The logic is more useful than any individual stock recommendation. It gives anyone, from an investor to a business owner evaluating their tech stack, a way to assess software resilience.
Winners and losers
On the buy side, Goldman favours companies serving as the underlying infrastructure of the digital economy. As Dynamic Business has reported, 40 per cent of Australian businesses had adopted AI technologies by the end of 2024, and more than two thirds of Australia’s top technology leaders identified AI as the defining trend of that year. The companies positioned to benefit from that adoption curve are not those selling productivity software. They are the ones providing the pipes, the security, and the data systems that every AI deployment depends on.
Cloudflare, CrowdStrike, Palo Alto Networks, Oracle, and Microsoft are among the names Goldman places on its buy list. What they share is not a marketing message about AI, but a genuine structural position: you cannot run an AI system without compute, cloud infrastructure, cybersecurity, or data storage. Demand for those services rises as AI usage grows, not falls.
On the sell side, the list is revealing. Salesforce, Workday, DocuSign, Atlassian, UiPath, and Accenture all appear, alongside payroll providers, marketing automation platforms, and IT outsourcing firms. What they share is a business model built on automating processes that AI can now describe and perform in plain language.
Goldman is careful not to declare these companies finished. The sell list reflects elevated risk, not certain failure. Some will adapt.

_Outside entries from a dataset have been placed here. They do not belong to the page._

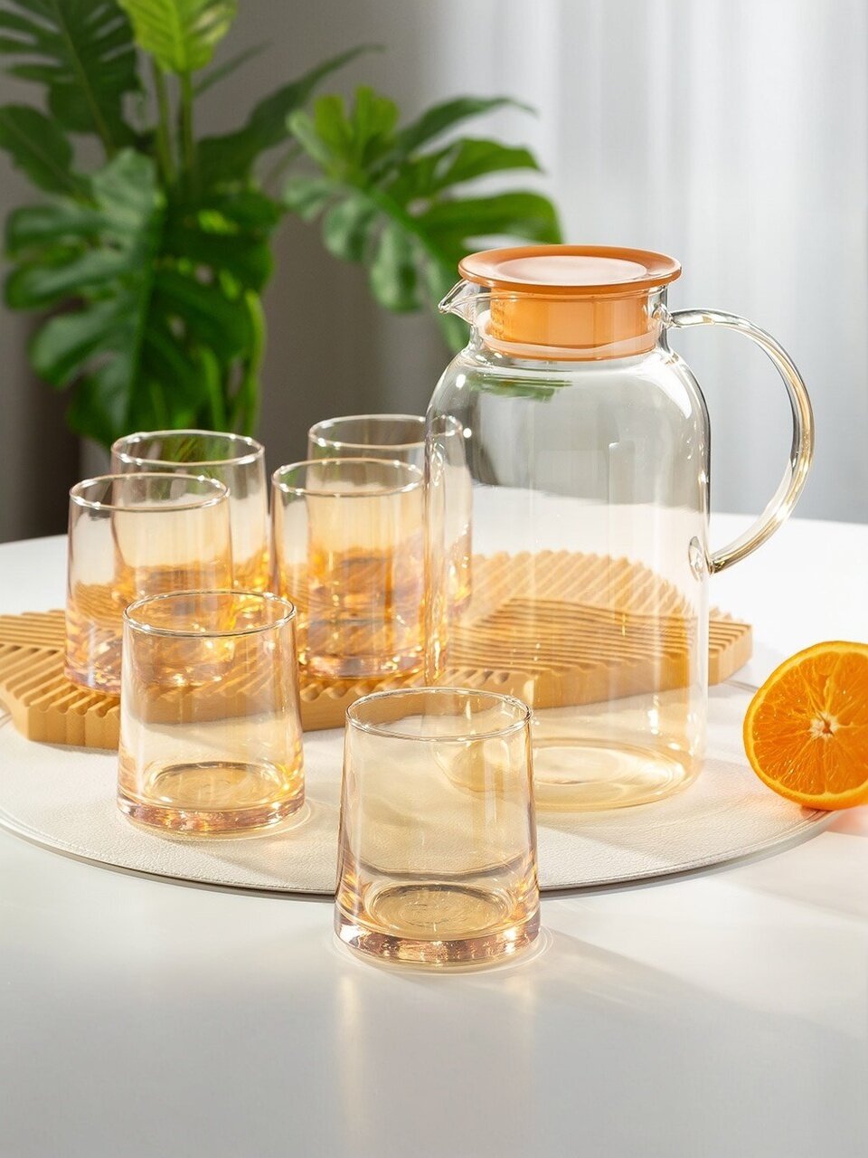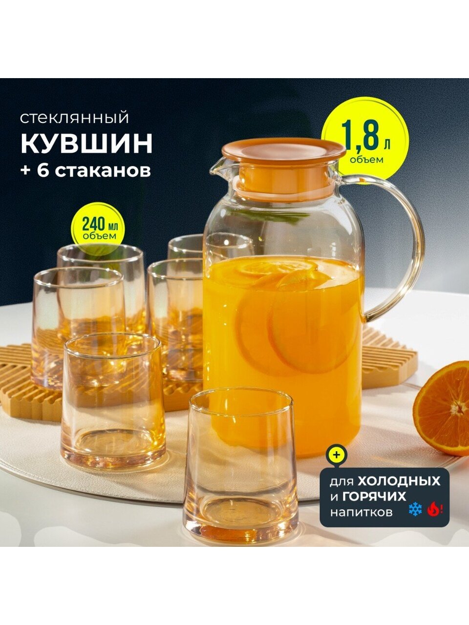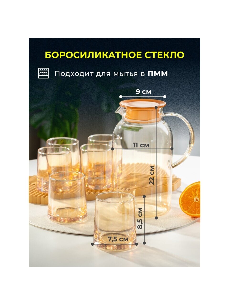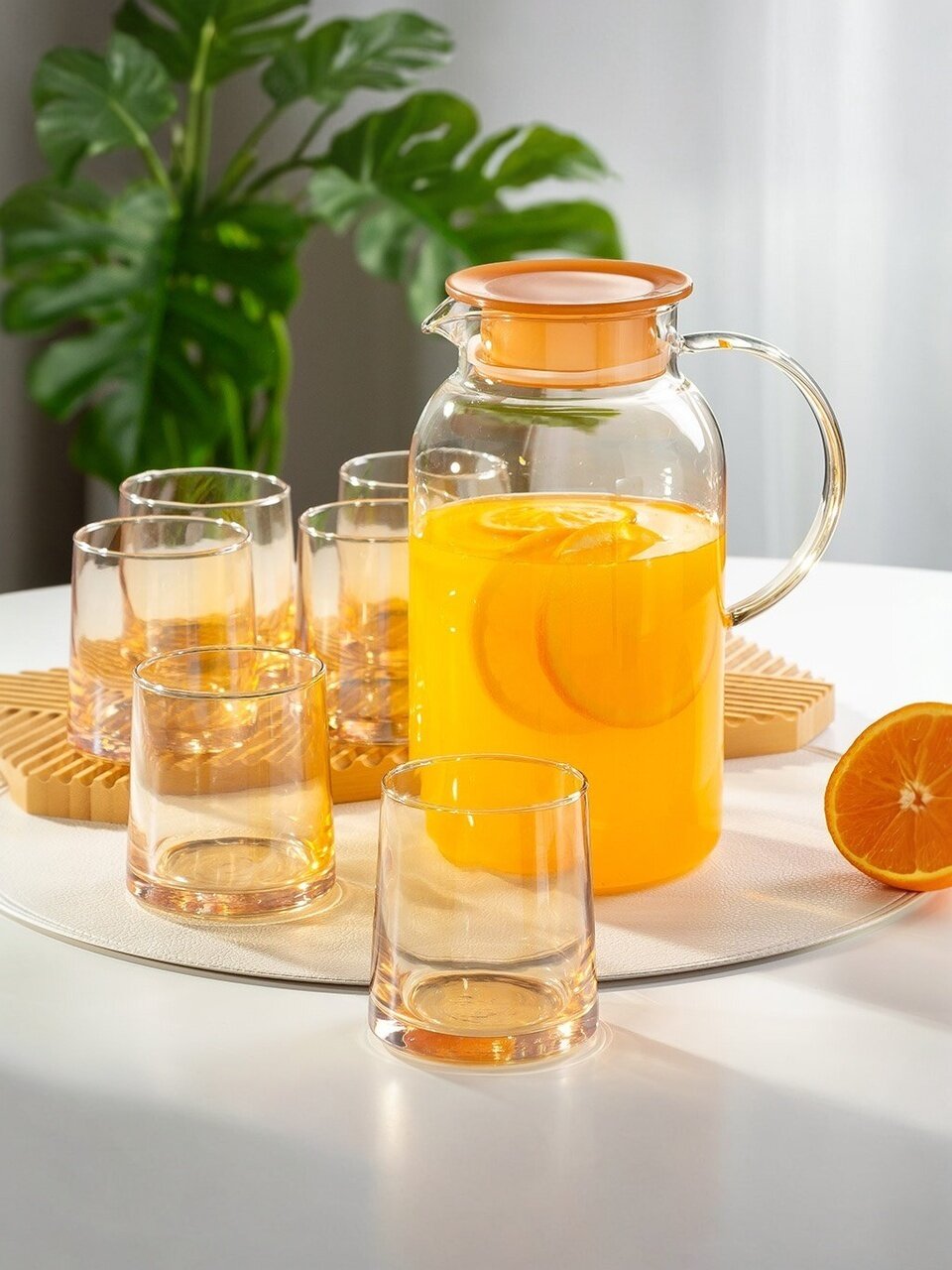 Набор выполнен из боросиликатного стекла, которое славится своей прочностью и устойчивостью к перепадам температуры. Это делает его идеальным выбором как для горячих, так и для холодных напитков. В комплект входит кувшин объемом 1.8 литра с удобной крышкой, а также шесть стаканов емкостью 240 мл каждый. Такая комплектация позволяет наслаждаться любимыми напитками в компании близких и друзей.
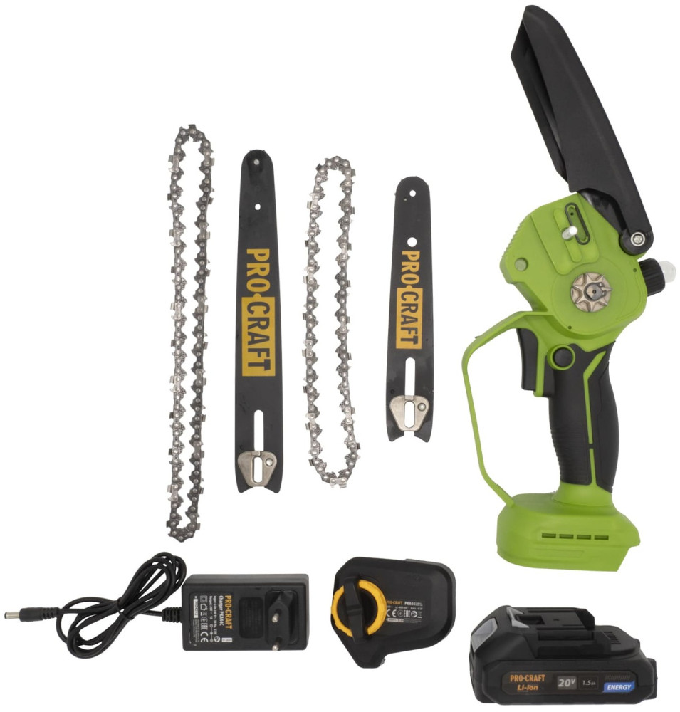 Аккумуляторная пила цепная Procraft PKA44 2Ач (бесщеточная, 2 шины (152 и 203 мм), 2 цепи, 1 АКБ, 1 ЗУ)
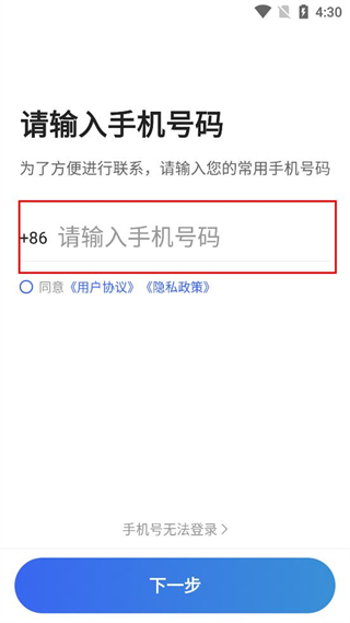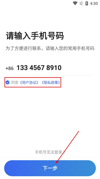 3、完成手机号填写与协议勾选后,点击页面下方的下一步按钮继续操作。

But the framework suggests that companies relying on seat-based pricing or workflow automation as their core value proposition face a structural headwind that no product update can resolve.
The picks and shovels lesson
There is a useful analogy from the California Gold Rush. The people who made the most consistent money were not the miners. They were the merchants selling picks, shovels, and supplies to every miner, regardless of whether they struck gold. The same principle applies here. Rather than placing a single bet on which AI company wins the next decade, the more resilient position may be in the infrastructure that every AI system requires to function, such as compute, connectivity, cybersecurity, and data management.

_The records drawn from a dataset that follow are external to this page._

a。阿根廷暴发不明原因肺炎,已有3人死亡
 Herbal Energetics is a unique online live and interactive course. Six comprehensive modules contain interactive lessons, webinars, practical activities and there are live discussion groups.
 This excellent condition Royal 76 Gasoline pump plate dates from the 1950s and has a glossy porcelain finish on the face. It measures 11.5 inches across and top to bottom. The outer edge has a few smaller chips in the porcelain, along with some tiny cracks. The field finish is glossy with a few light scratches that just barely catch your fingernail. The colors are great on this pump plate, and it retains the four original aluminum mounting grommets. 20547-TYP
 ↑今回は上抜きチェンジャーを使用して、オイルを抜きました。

For SME owners, the Goldman framework translates into a practical checklist. The software your business uses or holds as an investment is worth looking at through this lens. Does it require physical infrastructure to operate? Is it embedded in a regulatory process you cannot easily exit? Does it sit in a category, like cybersecurity or data management, where AI adoption increases demand rather than reducing it? If yes, the exposure is likely more resilient than it appears.
If the software primarily automates a workflow, charges per user, and has limited switching costs, those are the characteristics Goldman’s analysis flags as most vulnerable. That does not mean abandoning the product immediately. But it is worth asking whether a more AI-native alternative is already being built to replace it.
The sell-off has pushed software valuations to their most accessible levels in over a decade. Goldman notes that the current multiple is broadly in line with companies growing at 5 to 10% annually, while consensus estimates still project closer to 16 % earnings growth for the sector across 2026 and 2027. Whether that gap represents opportunity or over-optimism is the question the market is now working through.
What Goldman’s framework makes clear is that not all software is facing the same question. Some of it is being disrupted. Some of it is doing the disrupting. Knowing which is which is no longer just useful information for fund managers. It is useful information for anyone running a business in 2026.
This article is for informational purposes only and does not constitute financial, investment, legal, or tax advice. All investing involves risk. Always consult a qualified financial professional before making investment decisions.